In 2011, a permanent synagogue was established.

In 2012, a larger grocery was established in addition to a pizza restaurant.

In 2013, a clinic of the Maccabi Health Fund was established, with three staff physicians.

==Legal conflicts==
According to Zionist Organization of America, in 2008, the Israeli courts found Peace Now guilty of publishing false statements regarding ownership of the land. According to a Peace Now report, 71.15 percent of the land was "stolen from Arabs." When the organization refused to abide by the court order to apologize, the fund that purchased the property sued, charging Peace Now and the authors of the false report for slander. The judge found them guilty. They were ordered to issue an apology in Maariv and Haaretz newspapers and pay monetary compensation to the fund. ZOA National President, Morton Klein called on Jewish organizations, the Israeli government and journalists to publicly condemn Peace Now for promoting lies and falsehoods.

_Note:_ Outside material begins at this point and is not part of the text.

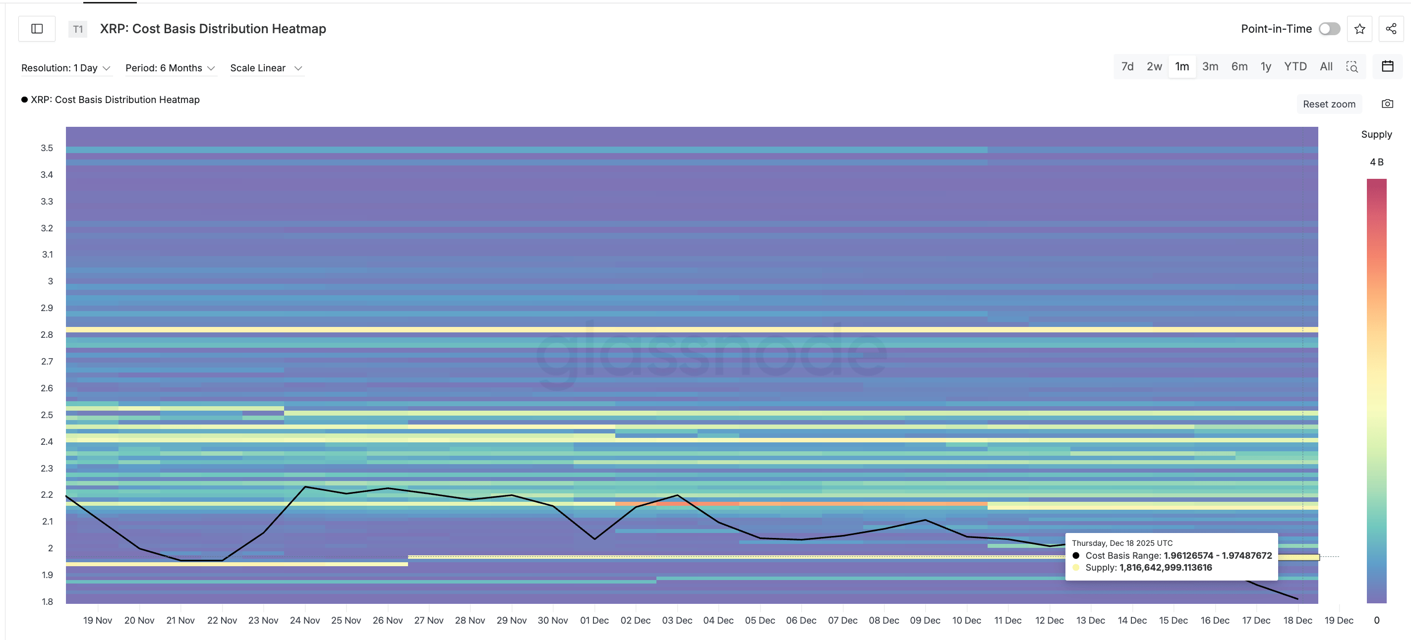 Os dados de custo base revelam uma forte concentração de oferta entre US$ 1,96 e US$ 1,97. Cerca de 1,82 bilhão de XRP foram comprados nessa região. Sempre que o preço retorna a esse nível, muitos investidores tentam vender no ponto de equilíbrio.

On May 24, 2020, Israeli settlers from the Revava settlement, located on the lands of Haris, northwest of Salfit Governorate, uprooted and stolen more than 150–200 olive trees.

==Education and culture==
Revava has 7 preschool/kindergartens and a daycare center for children up to age 3. A middle school and high school for girls, part of the Tzvia chain of high schools, is located in Revava. Boys study at elementary schools in Yakir, Karnei Shomron and Itamar. Girls usually study at the elementary school in Yakir. A local elementary school based in Revava is being opened in the Autumn of 2012.

The Bnei Akiva youth movement has a branch in Revava.

From 2001 to 2006, Revava had a boys' baseball team.